▶ **Try it**: Only the lines in the entries below from the line with "Spinat und Dillpesto." to the line with "香港政研會批評支聯會是一個謀", both included, belong in the answer, transcribed exactly and without pictures.

Stored data

================================

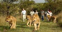 In addition to horseback safaris and game drives, an annual government licence permits rare initiatives such as the "Walk with Lions" experience, a major tourist attraction in Limpopo Province.[9] The lions also feature in educational outreach programmes, including initiatives aimed at facilitating close contact with wildlife for groups such as young people, the handicapped and visually handicapped.
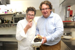 „Koch des Jahrzehnts“ Jörg Wörther sorgte im Anschluss an die Weinverkostung für kulinarischen Hochgenuss. Er kochte für die Gäste ein 6-gängiges Menü unter dem Motto „Alles Maibock, Morchel & Spargel“. Es gab Poelierten Waller mit Petersilien-Nage und tournierten La Ratte Erdäpfeln, gefolgt von Timbal von der Attersee-Rheinanke mit Beurre blanc, jungem Spinat und Dillpesto.
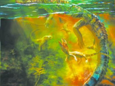 复原图:发现由6个幼年个体围绕一个成年个体组成一个家庭的离龙类——朝阳喜水龙...
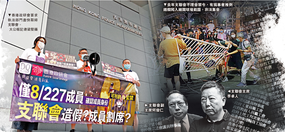 香港政研會批評支聯會是一個謀取眾籌資金的「空殼公司」,他們將去信執法部門,要求盡快取締支聯會。有政界人士認為,支聯會的政治綱領顛覆國家政權,已涉嫌違反憲法與國安法,促請執法部門跟進調查。
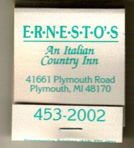 My dinner club that I write about often, just met for the last time at a venue that we really have enjoyed. The Courthouse Grille in Plymouth will soon be part of the history of this quaint city, as it is being torn down to make room for more housing, and I am not sure if it will be homes, condos or apartments. I first discovered the restaurant when it was The Hillside, and the owner was a big game hunter, and he used to periodically serve big game there, which probably today he would not be allowed to do. Alas I was in high school back then, and I did not save a matchbook from those days, but I did see a matchbook from there in the Plymouth Historical Museum. I next remember it as being Ernesto’s a full-blown white tablecloth Italian restaurant; and on the backside of the restaurant was a sit-down pizzeria called Ernie’s. There was a couple of people that attempted to take over the restaurant, but could not maintain the quality and “Ernie” had to take it over again, but because the name was besmirched, he renamed it The Courthouse Grille and started serving more of a mixed menu, but still with some special Italian dishes that he was noted for.
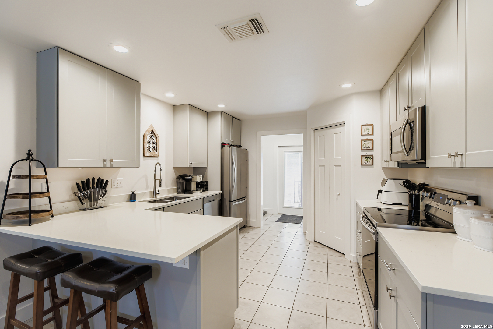 Welcome to this beautifully remodeled and inviting 3-bedroom, 2-bathroom home nestled in an established community in the heart of Kerrville. Designed with an open and airy floorplan, the home is filled with natural light and offers a seamless flow between the living and dining areas, both centrally located to the spacious kitchen. The kitchen impresses with generous storage, sleek quartz countertops, and a full appliance package including washer, dryer, stove, refrigerator, and dishwasher, making everyday living effortless. The primary suite is thoughtfully positioned within the layout for added privacy and features a luxurious ensuite bath and walk-in closet, while the secondary bedrooms are well-sized and versatile. Step outside to enjoy a huge backyard complete with a deck, perfect for relaxing or entertaining. With quick access to local amenities, shopping, dining, and all areas of Kerrville, this move-in-ready home offers comfort, style, and convenience in a desirable setting.
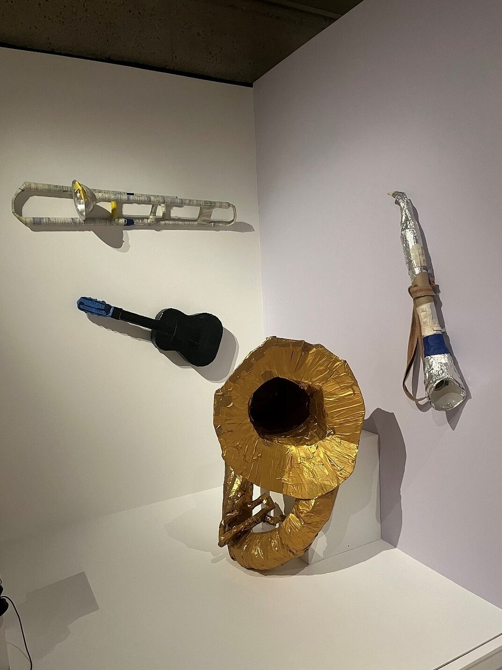 The rest of the show is no less fascinating as the pieces become larger and more complex. Ranging from paintings and ceramic sculptures to grand papier-mâché creations to an enormous site-specific installation, the art and its curatorship are remarkable. Perhaps my favorite pieces — amongst myriad other favorites — are those of Jonathan Velazquez. Velazquez constructs musical instruments using tape, chicken wire, cardboard and other materials, a sousaphone (“Tuba”), a trombone, a wind instrument, and a guitar, all carefully and painstakingly crafted. It is a perfect philharmonic arrangement. One can “hear” Velazquez’s music.
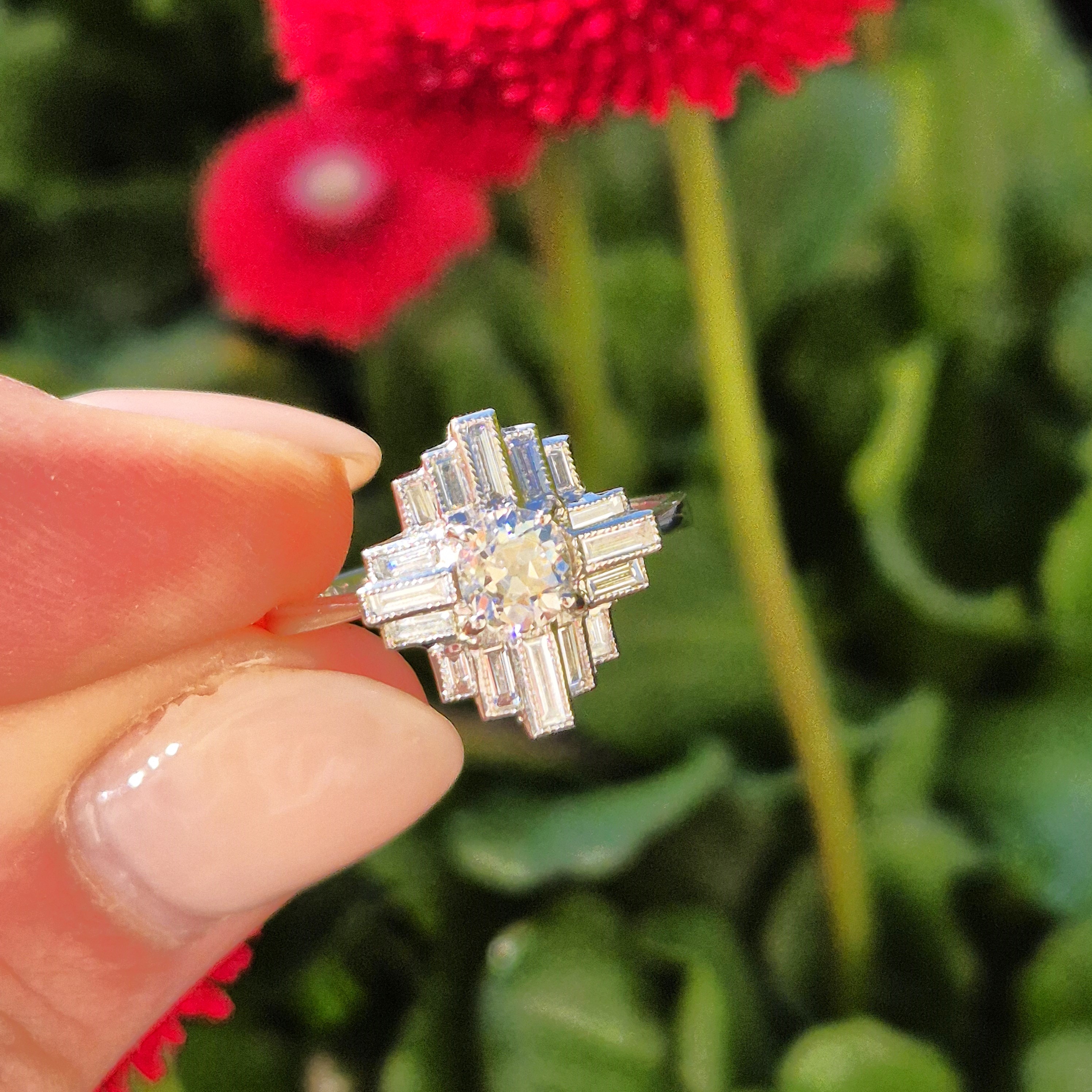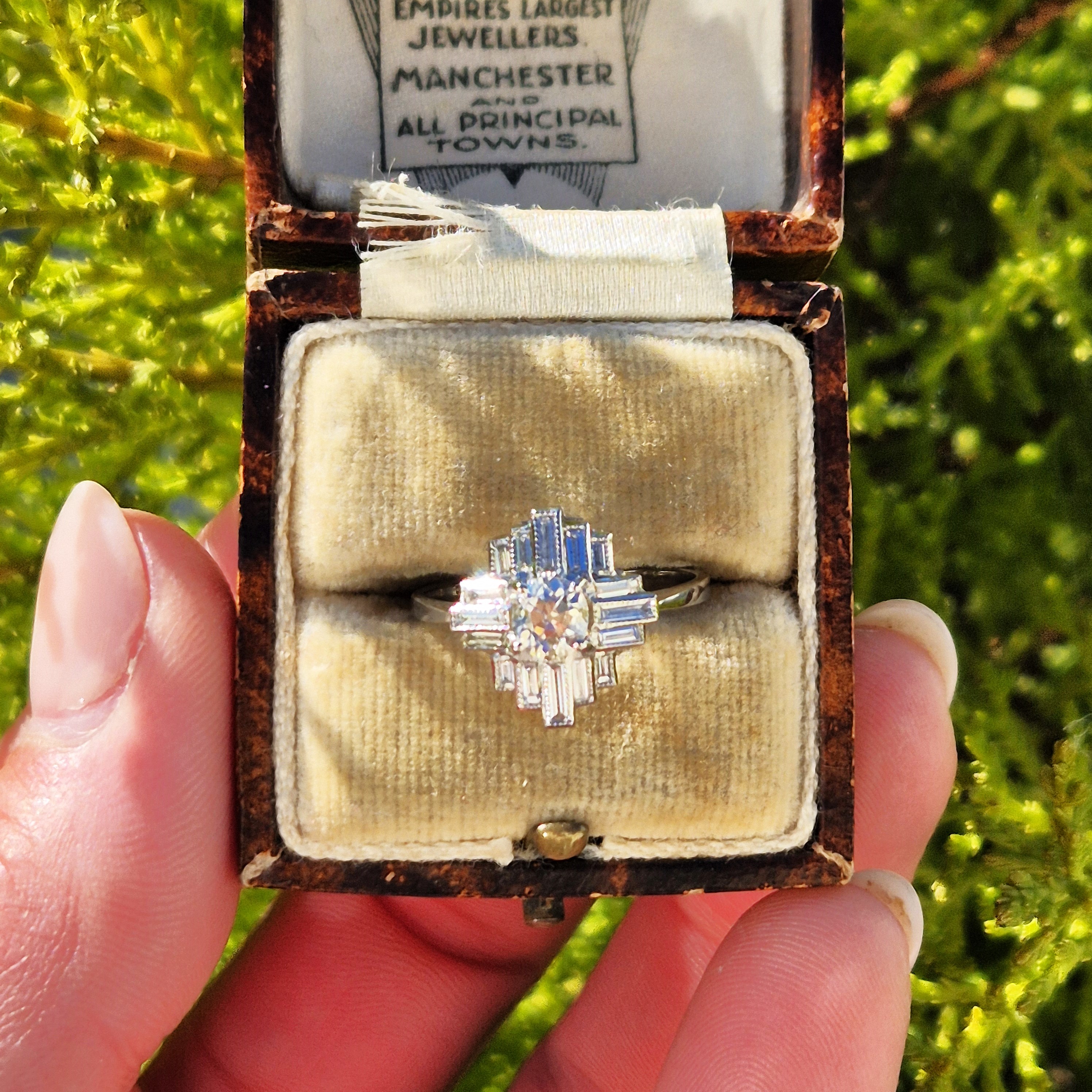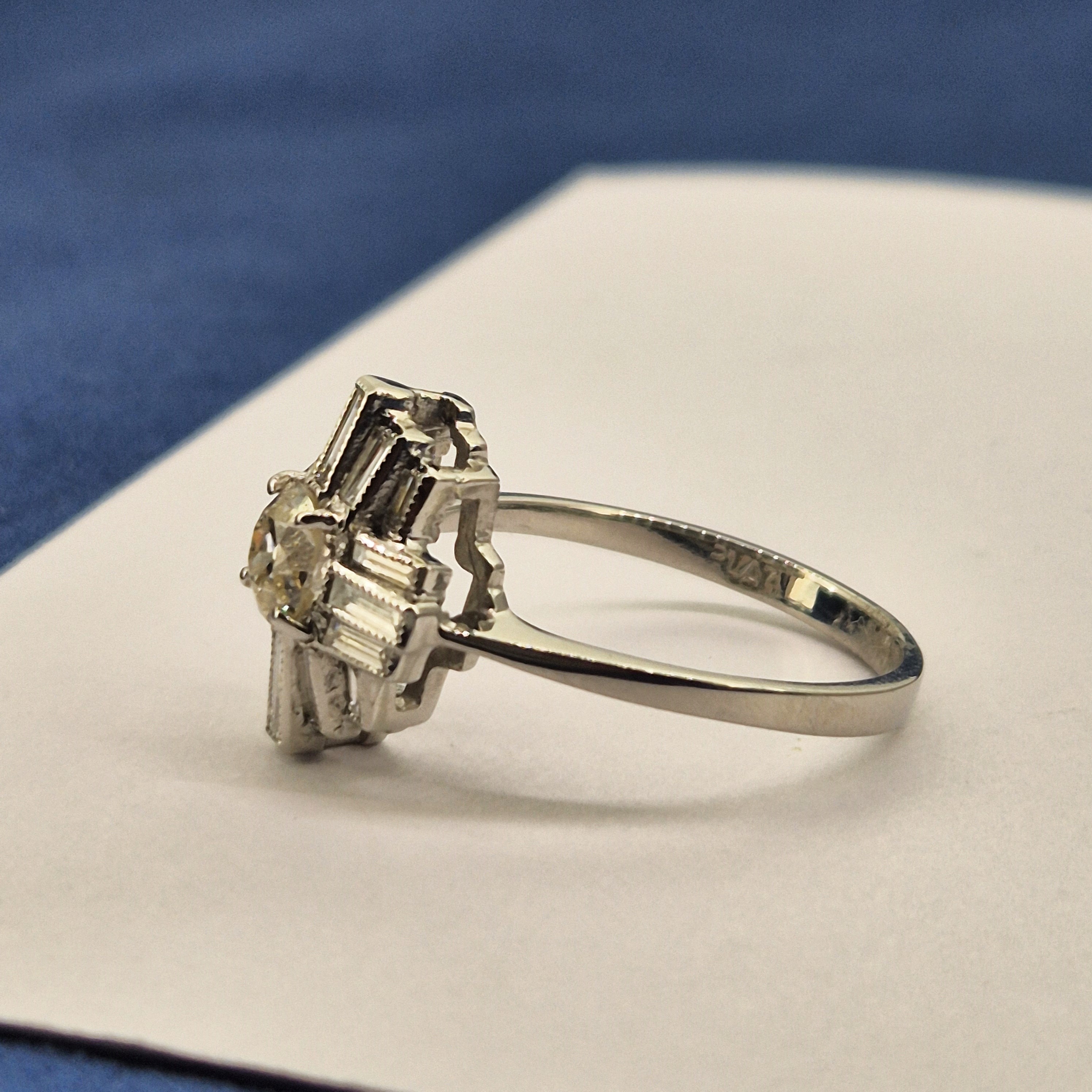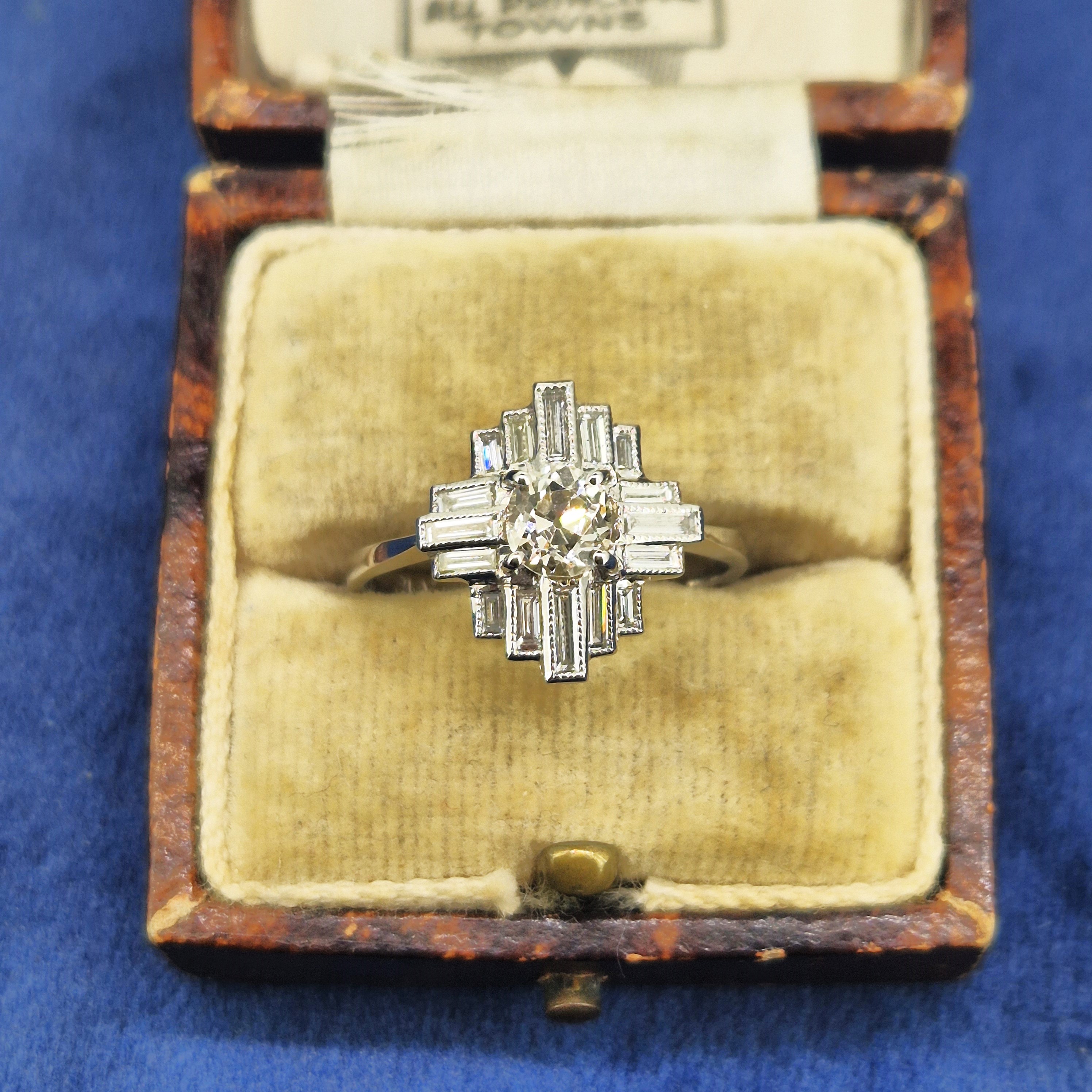 The ring features a central Round Brilliant Diamond that weighs 0.50cts and is set in a four claw setting. This Diamond is surrounded by a cluster of Baguette Cut Diamonds that are set in tiered step design which was popular during the Art Deco Period. These Diamonds weigh 0.40cts making the total Diamond weight of the ring 0.90cts. The Diamond is G Colour with SI Clarity.

================================

▶ **The completed task**:
 „Koch des Jahrzehnts“ Jörg Wörther sorgte im Anschluss an die Weinverkostung für kulinarischen Hochgenuss. Er kochte für die Gäste ein 6-gängiges Menü unter dem Motto „Alles Maibock, Morchel & Spargel“. Es gab Poelierten Waller mit Petersilien-Nage und tournierten La Ratte Erdäpfeln, gefolgt von Timbal von der Attersee-Rheinanke mit Beurre blanc, jungem Spinat und Dillpesto.
 复原图:发现由6个幼年个体围绕一个成年个体组成一个家庭的离龙类——朝阳喜水龙...
 香港政研會批評支聯會是一個謀取眾籌資金的「空殼公司」,他們將去信執法部門,要求盡快取締支聯會。有政界人士認為,支聯會的政治綱領顛覆國家政權,已涉嫌違反憲法與國安法,促請執法部門跟進調查。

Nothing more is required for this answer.